In these uncertain times, I need a lifeline and a horizon so I have — somewhat arbitrarily I’ll admit — set a date. April 1st will be my horizon ; my lifeline will be the 80 days separating me from it.

And as I cannot go around the world right now, I give you A Mad Belgian’s “Around London in 80 Days” : eighty impressions of London, eighty stories, places, thoughts from my experience of this wonderfully mad and maddening city.

Day 35: Musical lift

South of Waterloo Bridge stands the National Theatre. West of the National Theatre stands the BFI. And next to the BFI stands the Royal Festival Hall. A massive and complicated building which to this day remains a mystery to me. Concert venue, library, dance studio, bar, bookshop, café, museum, restaurant, market… the Royal Festival Hall is the swiss knife of public buildings. Built in 1951 for the Festival of Britain, it is an open space for people to congregate, with seating for whoever needs a rest, tables for whoever needs to write, calm for whoever needs to think.
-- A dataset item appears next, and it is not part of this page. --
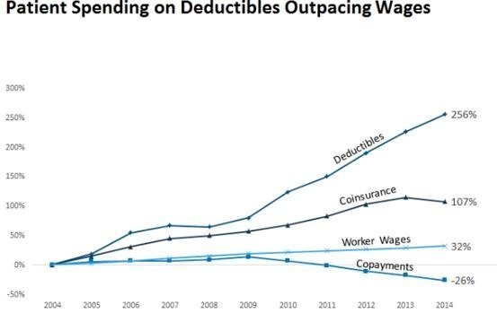 In The Wall Street Journal, Drew Altman, the president and CEO of Kaiser Family Foundation, analyzed the growing trends in patient spending on deductibles (a specified amount of money that the consumer must pay out-of-pocket first before an insurer pays for services). Their analysis showed a 256% increase in deductible payments from 2004 to 2014 for insured people through larger employers, while wages increased by only 32% during the same period. In 2014, deductible accounted for 47% of all cost-sharing, up from 24% in 2004. Indeed, consumer polls indicated that deductibles are their top health-cost concern.

At first, I didn’t really like the Royal Festival Hall. Too big, too impersonal, too confusing: was it a theatre? a restaurant? a community centre? This lack of clarity was making me uneasy. Over time, though, I have grown fond of the place: a venue unlike any other, an architectural platypus, it’s actually just the sort of building I should feel at home in! I started to explore it further, to come more often, to appreciate it properly. I enjoyed the luxury of having a comfy place to read or work without necessarily having to buy anything. And one day, I took the lift.
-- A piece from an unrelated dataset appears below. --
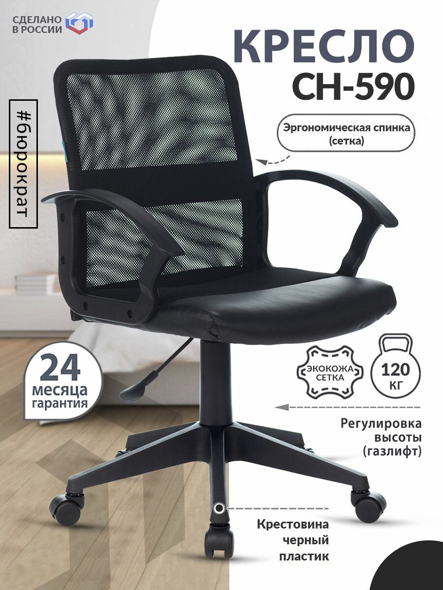 Кресло Бюрократ CH-590, на колесиках, эко.кожа/сетка, черный [ch-590/black]

Not the small, boring lift that’s by the entrance but the other one, the beautiful transparent lift that hides at the back of the building, the beautiful lift one accidentally finds when exploring the corridors. I stepped in and pressed the button. The lift started moving… to the sound of a choir! I couldn’t believe my ears: many voices were accompanying my trip, singing higher and higher notes until only one soprano was left — the only one to be able to reach such heights, no doubt. “6th floooor”, she announced proudly in a incredibly high-pitched voice. I laughed so hard I forgot why I had come upstairs. So I went back down, accompanied with a chorus of increasingly low voices eventually leaving just the one barytone. “First Flooooor”.